Once again Google turned out to be man's best friend, by providing me
the following link:

http://groups.google.it/groups?q=vector_free+nss_atexit&hl=it&lr=&ie=UTF-8&oe=UTF-8&selm=1080344625.82158.35.camel_server.mcneil.com%40ns.sol.net&rnum=1

Apart from the psychological help derived from knowing I'm not alone,
this suggested to patch that file to look like:

nss_atexit(void)
{
        if (__isthreaded) (void)_pthread_rwlock_wrlock(&nss_lock);
        vector_free((void **)&_nsmap, &_nsmapsize, sizeof(*_nsmap),
            (vector_free_elem)ns_dbt_free);
        vector_free((void **)&_nsmod, &_nsmodsize, sizeof(*_nsmod),
            (vector_free_elem)ns_mod_free);
        if (__isthreaded) (void)_pthread_rwlock_unlock(&nss_lock);
}

I did, and did similarly for other pthread calls in that file, declaring
__isthreaded as:

extern int __isthreaded;



That was one step ahead: now "ls -l /bin" would crash no more, but "ls
-l /home" would still be problematic. Obviously
the difference between the two is that in /bin everything is owned by
system accounts, while listing /home would imply
searching for users in the ldap database.
I guessed the problem was that upgrading php had upgraded openldap too,
so I looked at freshport and found out that
the main difference was in the makefile, where "-with-threads" had been
replaced with "-with-threads=posix".
I decided to try the three alternatives:
a) -without-threads would not do, as it would cause slapd to crash when
ldapsearching with a filter (i.e. "ldapsearch -b
'dc=mydomain'" works fine, but "ldapsearch -b 'dc=mydomain'
(objectClass=posixAccount)" not);
b) -with-threads=posix would exhibit the above mentioned problem with ls;
c) -with-threads would work best.

Now I could even "ls -l /home" and see the correct usernames. However, I
could not login or su anymore. (This forced me
to go and ask for the keys to the server room and wait until Sunday).
I ended up finding out (again by 'gdb su') that now using nss_ldap
hampers the ability of a process to read from stdin.
I can even provide this demonstrative program:

#include <stdio.h>
int main(int argc,char**argv)
{
  char ch;
  getpwent();
  while (1)
    {
      ch=getchar();
      putchar(ch);
    }
}

If I want it to work, I'll either need to comment the call to getpwent()
or "ldap" in /etc/nsswitch.conf.
ktracing su showed "resource temporarily unavailable" when it tried to
read from descriptor 0.
Also, telnetting to localhost:pop3 had qpopper say "I/O error".

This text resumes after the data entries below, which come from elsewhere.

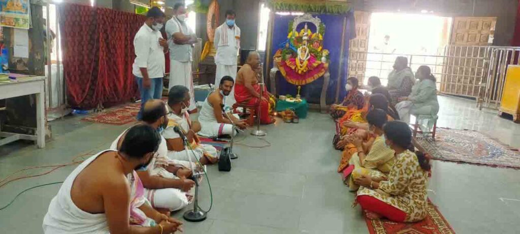 అమ్మవారికి దివ్యాభరణాలు, నూతన క్షోమ వస్ర్తాలను దరింపజేసి దివ్యా భరణ శోభితంగా ఆస్థానంలో వేంచేపు చేయడం జరిగింది. బ్రాహ్మణులందరికీ ఆహ్వానించి ఋత్వి కరణం, విశ్వక్సేనార ధనలు, పుణ్యాహవచనం, రక్షాబంధనంతో పాటు పారాయణాలు, జపాలు జరిపారు.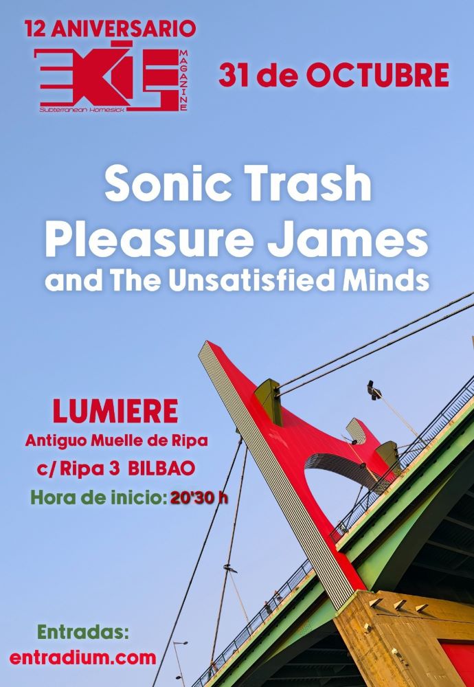 El próximo viernes 31 de octubre es la fecha elegida por los responsables del Exile para celebrar, a orillas de la ría y a partir de las 20:30, su onomástica junto a gente afín y dos bandas de pedigrí: Sonic Trash y Pleasure James & The Unsatisfied Minds. Dos conjuntos sobradamente conocidos, dos magníficos valedores del del underground bilbaíno y dos bandas con el gancho suficiente como para llenar la sala Lumiere, el antiguo Muelle de Ripa donde anfitriones y cicerones conmemorarán doce años de travesía y más de 5.000 publicaciones narrando chismes, anécdotas y peripecias sobre el rock and roll, sus figuras o sus esperanzas por parte del magazine. Además, parte del staff del sitio puntocom propone, una vez finalizadas ambas actuaciones, una animada sesión rocanrolera de DJ’s. Es decir, más leña al fuego, más diversión. Más alicientes y suficientes razones para asistir ya que la cifra tiene su aquel y probablemente la gala sea memorable, porque…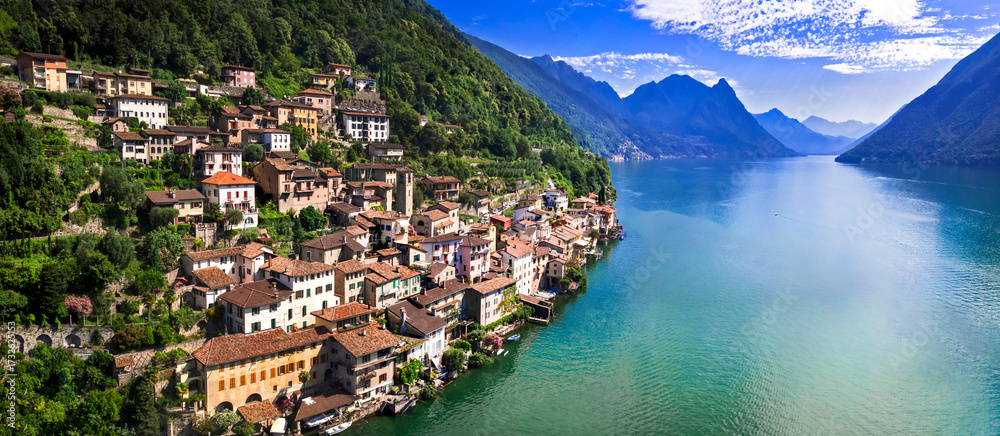 lake Lugano Switzerland. most beautiful traditional villages - scenic Gandria with colorful houses ..Ticino region ,Border with Italy. Aerial drone panoramic view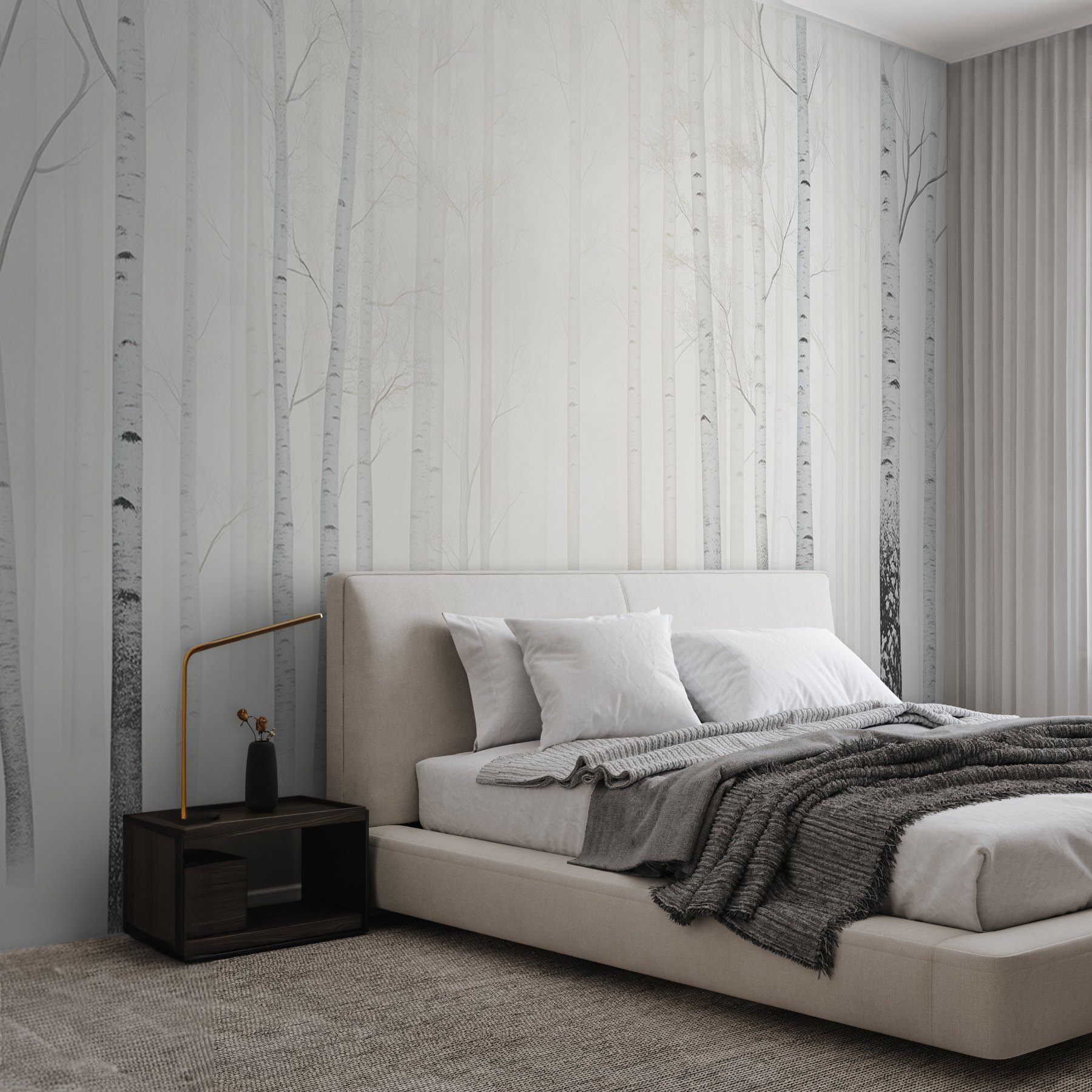 Premeňte svoj priestor na pokojnú zimnú krajinu s touto nástennou maľbou so skupinou stromov v zasneženom lese. Predstavte si, že sa prebúdzate do upokojujúcej scény s brezami, ktorých štíhle kmene stoja vysoko a hrdo na mäkkom zasneženom pozadí. Je to ako preniesť si kúsok prírody do interiéru – nie je potrebné odhŕňať sneh! Táto nástenná maľba šepká pokoj, takže je ideálna pre útulné zákutia alebo pokojnú spálňu. Len si predstavte, ako sa schúlite do klbka s horúcim nápojom, mäkkými prikrývkami a jemným tichom padajúceho snehu vonku. Dokonalý únik priamo u vás doma!

Afternoon was over, darkness was coming and the machine had to be up
again before morning, so I decided to leave
nss_ldap and migrate the user accounts to the system password files.
This will not do in the long run, since it
prevents web management, but has allow several mail domains to be up
again before any message was lost!
However, I was forced to increase the username length limit (MAXLOGNAME
to 65 in /usr/src/sys/sys/param and
UT_NAMESIZE=64 in utmp.h). This is a deviation from a standard system
which I'd like to avoid, but it is needed until
the day I can get nss_ldap back up.

(Long base system recompile).



Now I had pop3 back up, time to think about smtp.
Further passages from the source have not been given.